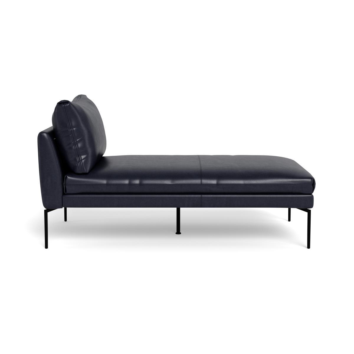 I love this chaise for its versatile, understated elegance - it works well in both modern and minimalist interiors, as well as more eclectic spaces. The leather in the stonewash black gives it a slightly distressed, lived-in feel, making it perfect for creating a cosy, inviting corner. It's a practical choice too, as leather is durable and ageing beautifully over time. For styling tips, consider pairing it with textured cushions in neutral or warm tones to soften the look, or layering with a cosy throw for added comfort. Its sleek black metal feet keep it grounded and contemporary, making it a great statement piece without overwhelming a space.
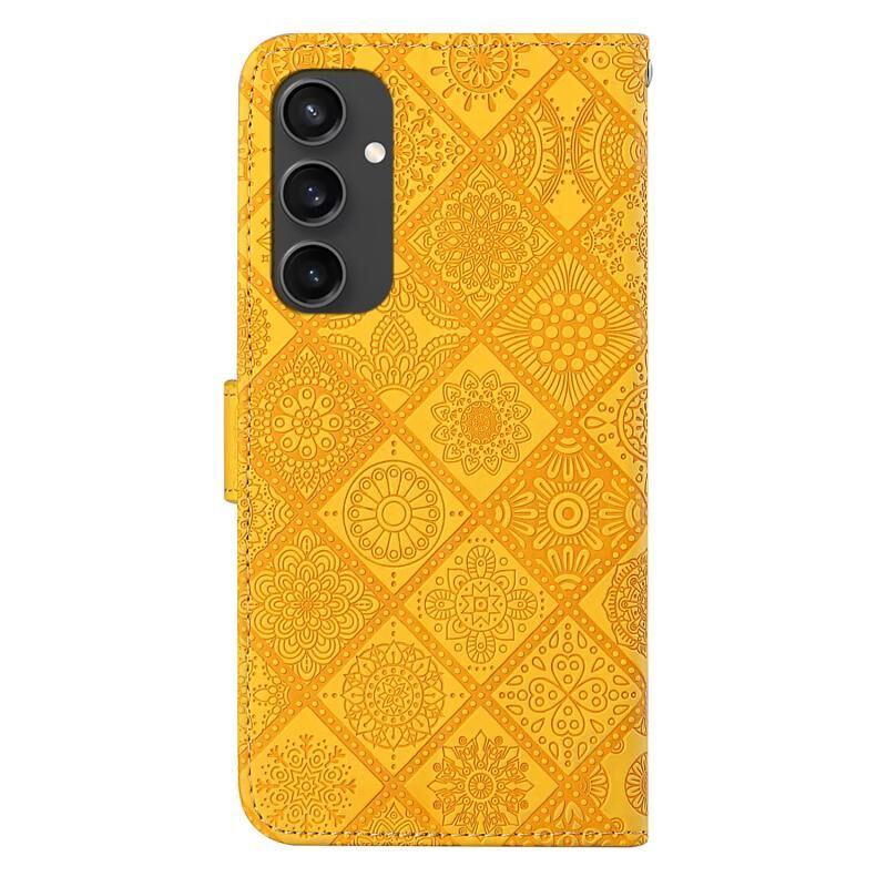 For Samsung Galaxy S24 FE 5G Ethnic Style Embossed Pattern Leather Phone Case(Yellow)
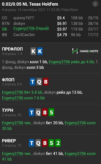ну ок, флоп протаскиваю, у оппа много дров, много блефа, средней силы рук. А у меня какие-никакие бэкдоры.
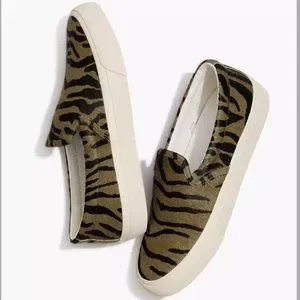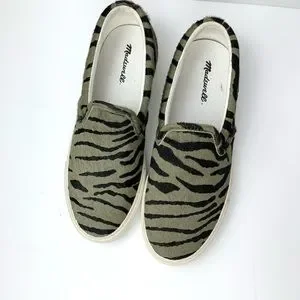 Madewell Sidewalk Slip On Sneakers in Zebra Calf Hair green black
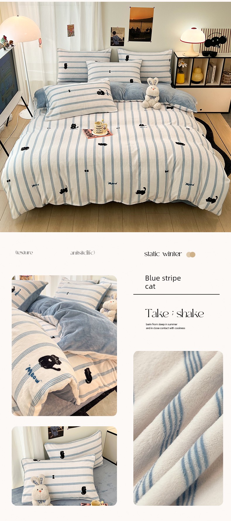 Blue Striped Cat [Fashion Print Milk Velvet]
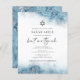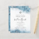 Este elegante convite do morcego mitzvah apresenta um design de borda azul-clara de aquarela imitando o mármore veinado com folha de prata falsa, desaparecendo gradualmente no fundo branco. As palavras "bat mitzvah" aparecem na escrita manual de cinzas de carvão, com o texto remanescente em maiúsculas de serif. O padrão de mármore azul e prateado é repetido na parte traseira do cartão.
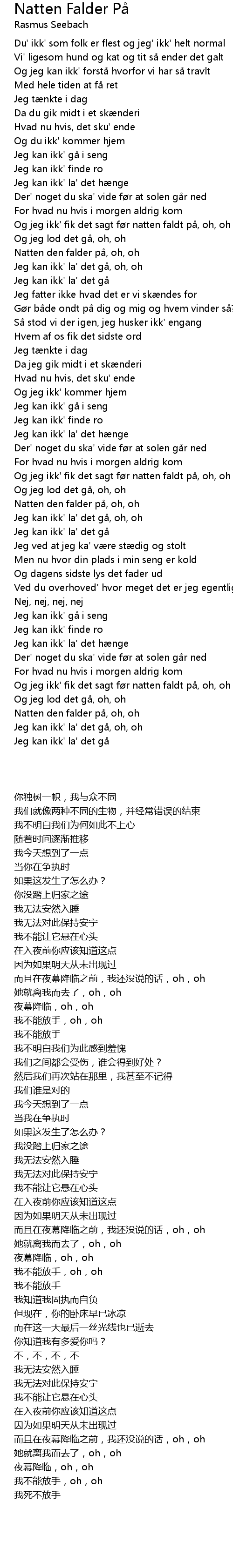 | 歌曲 | Natten Falder På |
□ □ □ □
■ **WHAT YOU ARE ASKED TO DO**
When copying the listing above, begin at its first line and stop after the line with "ну ок, флоп", keeping each line exact and dropping the pictures.

■ **OUTPUT OF THE EXERCISE**
 I love this chaise for its versatile, understated elegance - it works well in both modern and minimalist interiors, as well as more eclectic spaces. The leather in the stonewash black gives it a slightly distressed, lived-in feel, making it perfect for creating a cosy, inviting corner. It's a practical choice too, as leather is durable and ageing beautifully over time. For styling tips, consider pairing it with textured cushions in neutral or warm tones to soften the look, or layering with a cosy throw for added comfort. Its sleek black metal feet keep it grounded and contemporary, making it a great statement piece without overwhelming a space.
 For Samsung Galaxy S24 FE 5G Ethnic Style Embossed Pattern Leather Phone Case(Yellow)
ну ок, флоп протаскиваю, у оппа много дров, много блефа, средней силы рук. А у меня какие-никакие бэкдоры.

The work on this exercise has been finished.